[AVAILABLE DATA Boundary: Start]

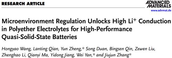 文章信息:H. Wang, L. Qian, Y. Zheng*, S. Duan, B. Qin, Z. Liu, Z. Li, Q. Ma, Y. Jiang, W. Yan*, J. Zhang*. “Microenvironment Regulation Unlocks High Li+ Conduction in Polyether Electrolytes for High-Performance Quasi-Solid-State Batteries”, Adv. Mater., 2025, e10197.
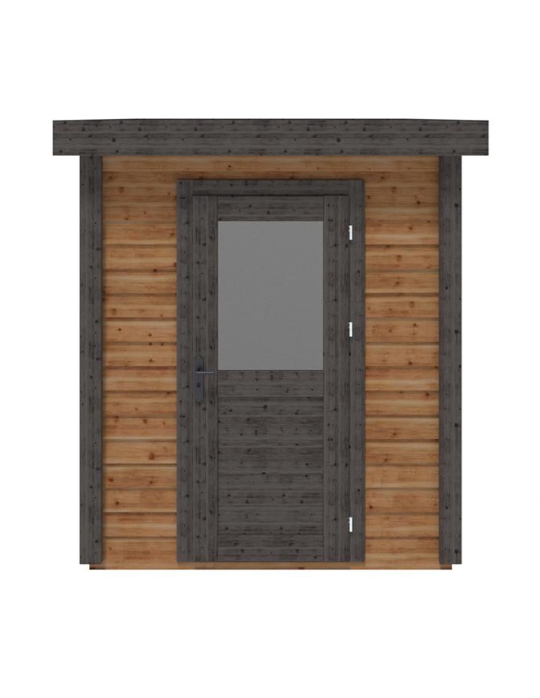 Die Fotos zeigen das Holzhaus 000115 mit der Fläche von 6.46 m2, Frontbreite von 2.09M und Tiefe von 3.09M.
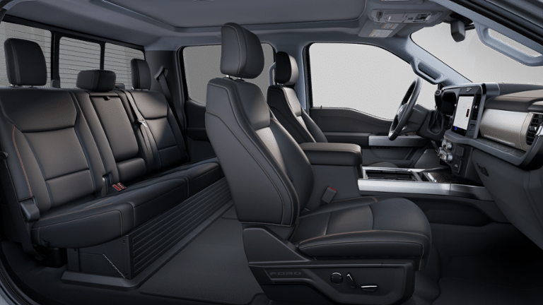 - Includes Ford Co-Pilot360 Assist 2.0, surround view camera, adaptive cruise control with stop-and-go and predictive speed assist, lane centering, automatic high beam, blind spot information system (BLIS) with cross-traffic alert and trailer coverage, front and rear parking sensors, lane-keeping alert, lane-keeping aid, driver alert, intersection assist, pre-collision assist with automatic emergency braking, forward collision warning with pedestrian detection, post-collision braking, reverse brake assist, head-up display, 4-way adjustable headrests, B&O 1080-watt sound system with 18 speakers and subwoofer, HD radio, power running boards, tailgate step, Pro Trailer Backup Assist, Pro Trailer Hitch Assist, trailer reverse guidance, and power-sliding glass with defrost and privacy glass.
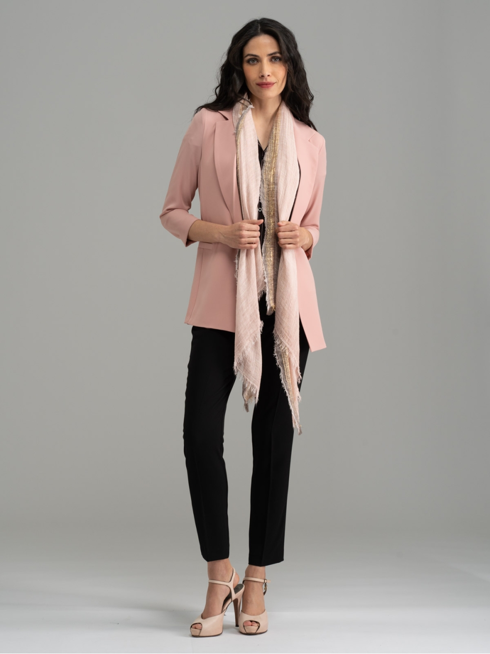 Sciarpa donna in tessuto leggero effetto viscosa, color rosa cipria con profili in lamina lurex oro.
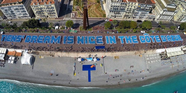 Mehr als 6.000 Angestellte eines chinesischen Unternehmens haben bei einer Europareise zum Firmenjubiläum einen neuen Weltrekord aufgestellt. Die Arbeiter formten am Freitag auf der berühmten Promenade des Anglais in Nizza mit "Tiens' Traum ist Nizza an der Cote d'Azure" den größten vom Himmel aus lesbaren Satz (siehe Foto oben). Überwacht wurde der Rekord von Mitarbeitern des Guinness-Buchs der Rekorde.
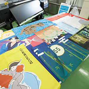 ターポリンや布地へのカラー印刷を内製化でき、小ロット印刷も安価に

[AVAILABLE DATA Boundary: End]
[AVAILABLE DATA Boundary: Start]

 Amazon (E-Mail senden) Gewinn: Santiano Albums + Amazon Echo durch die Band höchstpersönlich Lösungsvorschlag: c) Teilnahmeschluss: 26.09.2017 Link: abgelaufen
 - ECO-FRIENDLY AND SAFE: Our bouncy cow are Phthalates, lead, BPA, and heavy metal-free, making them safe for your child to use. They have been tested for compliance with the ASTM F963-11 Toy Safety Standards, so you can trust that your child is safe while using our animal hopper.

[AVAILABLE DATA Boundary: End]

» YOUR GOAL:
Taking the material above, give again exactly the lines from the one holding "文章信息:H. Wang, L." through the one holding "- Includes Ford", with both ends and without pictures.

» OUTPUT FOR THIS TASK:
 文章信息:H. Wang, L. Qian, Y. Zheng*, S. Duan, B. Qin, Z. Liu, Z. Li, Q. Ma, Y. Jiang, W. Yan*, J. Zhang*. “Microenvironment Regulation Unlocks High Li+ Conduction in Polyether Electrolytes for High-Performance Quasi-Solid-State Batteries”, Adv. Mater., 2025, e10197.
 Die Fotos zeigen das Holzhaus 000115 mit der Fläche von 6.46 m2, Frontbreite von 2.09M und Tiefe von 3.09M.
 - Includes Ford Co-Pilot360 Assist 2.0, surround view camera, adaptive cruise control with stop-and-go and predictive speed assist, lane centering, automatic high beam, blind spot information system (BLIS) with cross-traffic alert and trailer coverage, front and rear parking sensors, lane-keeping alert, lane-keeping aid, driver alert, intersection assist, pre-collision assist with automatic emergency braking, forward collision warning with pedestrian detection, post-collision braking, reverse brake assist, head-up display, 4-way adjustable headrests, B&O 1080-watt sound system with 18 speakers and subwoofer, HD radio, power running boards, tailgate step, Pro Trailer Backup Assist, Pro Trailer Hitch Assist, trailer reverse guidance, and power-sliding glass with defrost and privacy glass.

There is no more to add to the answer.